Recorded data
■ ■ ■ ■ ■
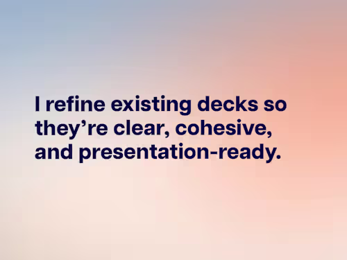 A fully cleaned-up presentation deck with refined layouts, improved visual hierarchy, consistent typography, and updated styling based on your brand guidelines. All slides will be organized, cohesive, and presentation-ready.
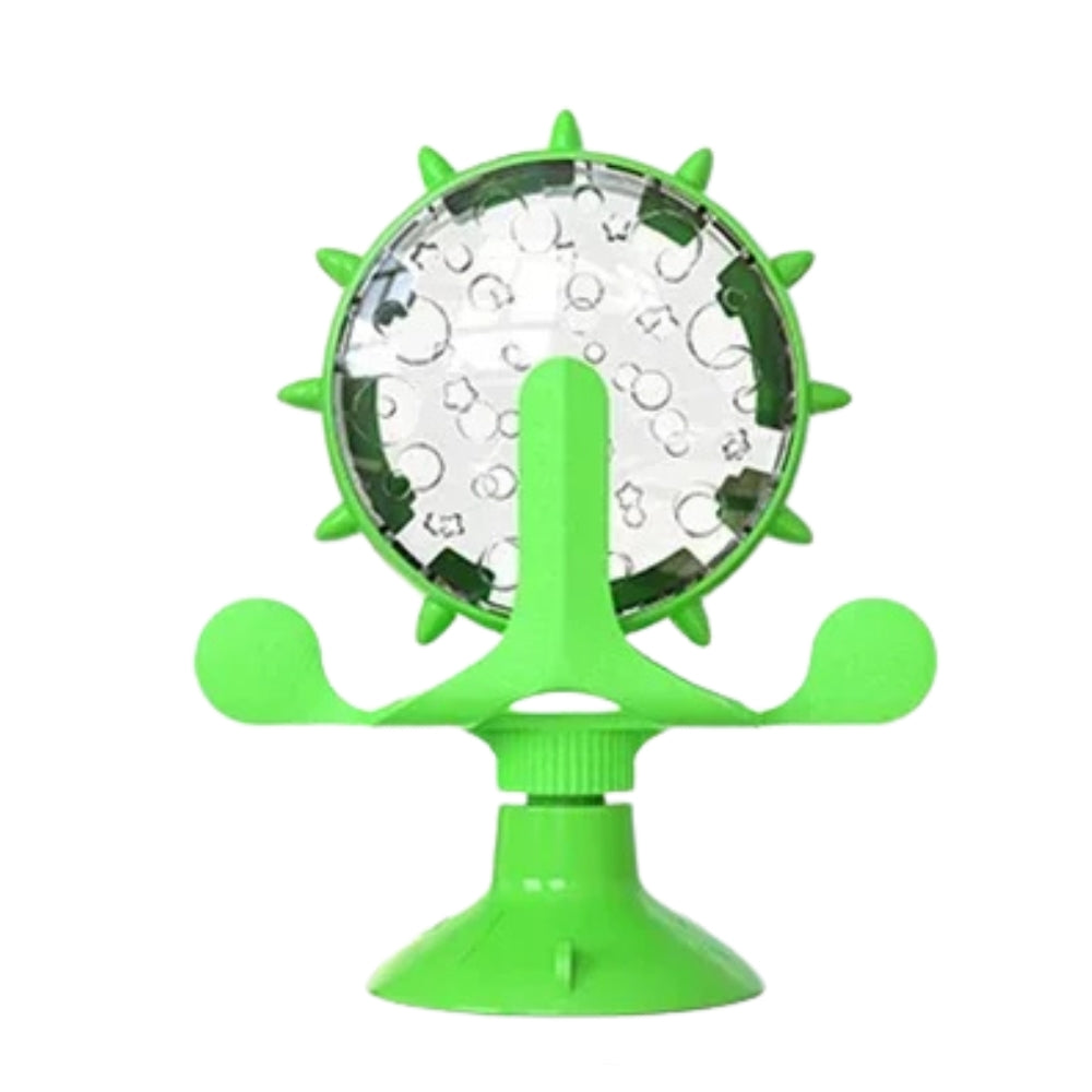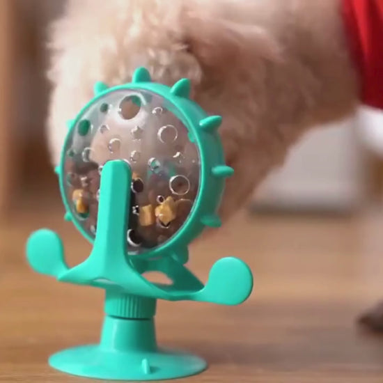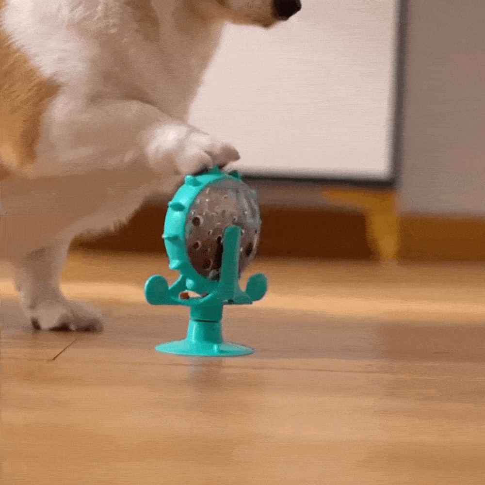 Questo gioco funziona facendo girare la parte superiore: il cane deve dare le zampate per far cadere le crocchette come ricompensa.
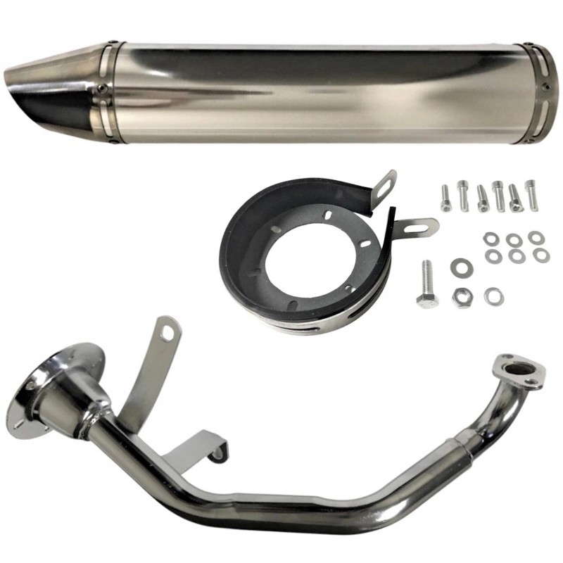 Shipped from our SC warehouse, this Top Quality Scooter High Performance Exhaust Kit Chrome Fits Jonway Gator scooters with 4 Stroke 125-150-170cc engines. Please confirm fitment before ordering.
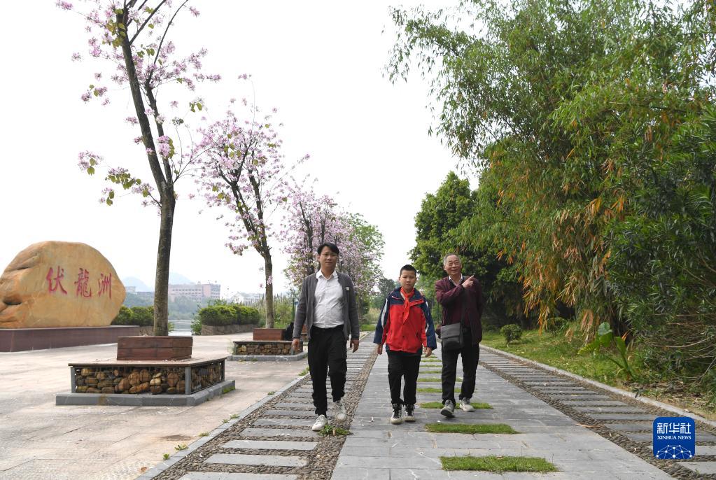 伏龙洲原居民黄岗(右)带着儿子、孙子重回改造后的伏龙洲游玩(4月10日摄)。新华社记者 周华 摄
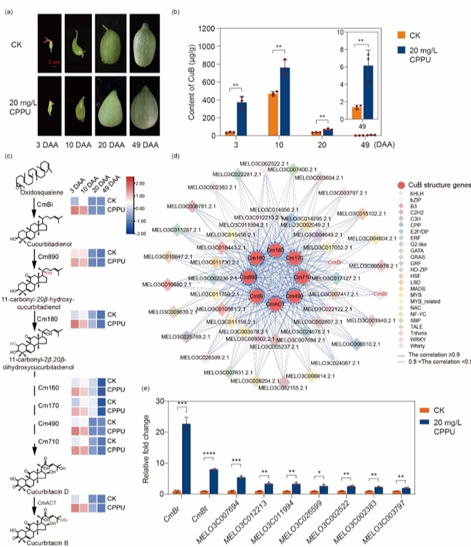 为了进一步探究CmBr响应CPPU导致甜瓜果实变苦的分子机制,该研究通过遗传学和分子生物学实验揭示了CPPU能够诱导上游因子CmRSM1的表达,CmRSM1能够结合Myb结合元件激活CmBr的表达,从而调控下游8个CuB合成基因(CmBi、Cm160、Cm170、Cm180、Cm710、Cm890、Cm490和CmACT)的表达,促进葫芦素B的生物合成,最终导致甜瓜果实出现苦味。
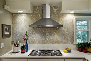 Project Summary Our clients’ 20th floor condo unit boasted magnificent views of a city lake and abundant natural light through large windows. But the light didn’t reach into the kitchen area, and the existing dark and heavy traditional cherry cabinets didn’t help. The existing countertops were higher than standard and too tall for our less-than-five-foot client (she joked that they came up to her chin!) and the different counter levels cut up the counter space, limiting productivity. Our solution for this kitchen remodel combines reworked, refaced, and new cabinets with salvaged and new fixtures and materials to result in a simply elegant light-filled space custom designed to our client.
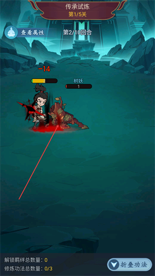 1、在传承试炼第1/5关第2回合,操控角色攻击敌方树妖,造成伤害推进战斗。
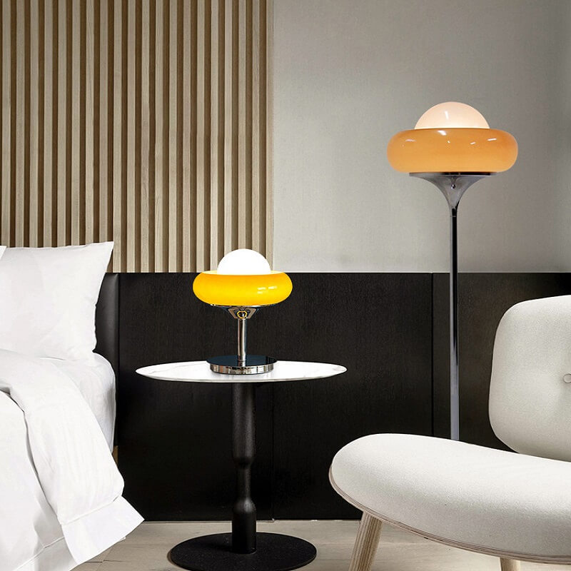 Eklektyczna minimalistyczna lampa stołowa Guzzini w kolorze pomarańczowym idealna do sypialni, salonu, gabinetu.
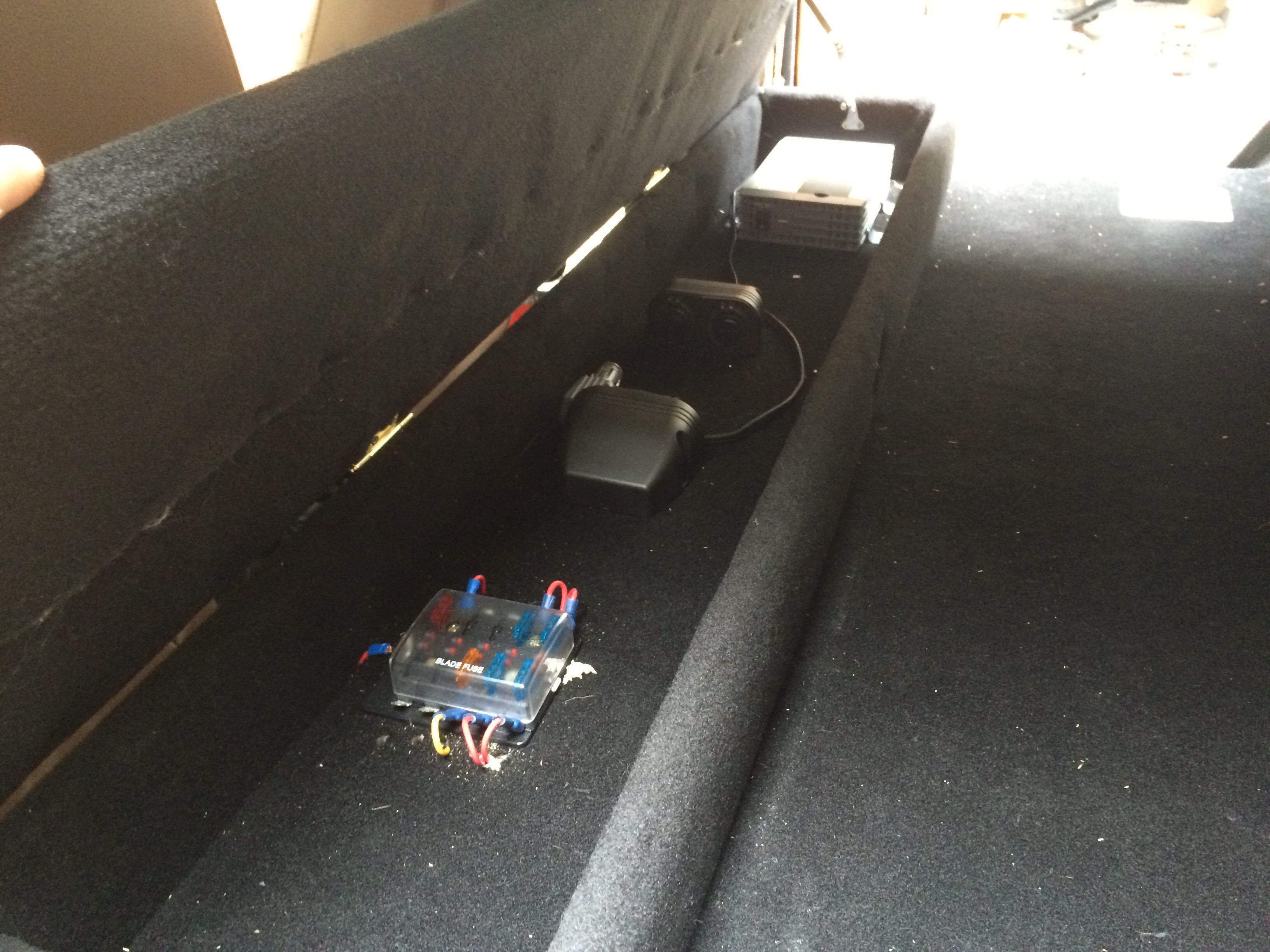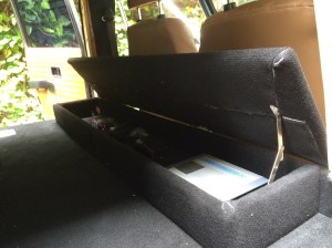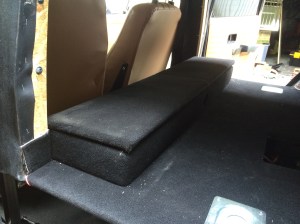 Heute haben wir die auf der Ladefläche verbaute Elektrik (Sicherungshalter, mehrere Steckdosen, Spannungswandler) noch mit einer Kiste verschalt. So ist alles gegen Rumrutschendes in Sicherheit. In der Kiste ist auch genug Platz um ladende Elektrosachen unterzubringen. Erreichbar ist alles über einen klappbaren Deckel mit Arretierung.
■ ■ ■ ■ ■
What you should do
Each entry must be set down word for word; no image may be carried over.

Written reply
 A fully cleaned-up presentation deck with refined layouts, improved visual hierarchy, consistent typography, and updated styling based on your brand guidelines. All slides will be organized, cohesive, and presentation-ready.
 Questo gioco funziona facendo girare la parte superiore: il cane deve dare le zampate per far cadere le crocchette come ricompensa.
 Shipped from our SC warehouse, this Top Quality Scooter High Performance Exhaust Kit Chrome Fits Jonway Gator scooters with 4 Stroke 125-150-170cc engines. Please confirm fitment before ordering.
 伏龙洲原居民黄岗(右)带着儿子、孙子重回改造后的伏龙洲游玩(4月10日摄)。新华社记者 周华 摄
 为了进一步探究CmBr响应CPPU导致甜瓜果实变苦的分子机制,该研究通过遗传学和分子生物学实验揭示了CPPU能够诱导上游因子CmRSM1的表达,CmRSM1能够结合Myb结合元件激活CmBr的表达,从而调控下游8个CuB合成基因(CmBi、Cm160、Cm170、Cm180、Cm710、Cm890、Cm490和CmACT)的表达,促进葫芦素B的生物合成,最终导致甜瓜果实出现苦味。
 Project Summary Our clients’ 20th floor condo unit boasted magnificent views of a city lake and abundant natural light through large windows. But the light didn’t reach into the kitchen area, and the existing dark and heavy traditional cherry cabinets didn’t help. The existing countertops were higher than standard and too tall for our less-than-five-foot client (she joked that they came up to her chin!) and the different counter levels cut up the counter space, limiting productivity. Our solution for this kitchen remodel combines reworked, refaced, and new cabinets with salvaged and new fixtures and materials to result in a simply elegant light-filled space custom designed to our client.
 1、在传承试炼第1/5关第2回合,操控角色攻击敌方树妖,造成伤害推进战斗。
 Eklektyczna minimalistyczna lampa stołowa Guzzini w kolorze pomarańczowym idealna do sypialni, salonu, gabinetu.
 Heute haben wir die auf der Ladefläche verbaute Elektrik (Sicherungshalter, mehrere Steckdosen, Spannungswandler) noch mit einer Kiste verschalt. So ist alles gegen Rumrutschendes in Sicherheit. In der Kiste ist auch genug Platz um ladende Elektrosachen unterzubringen. Erreichbar ist alles über einen klappbaren Deckel mit Arretierung.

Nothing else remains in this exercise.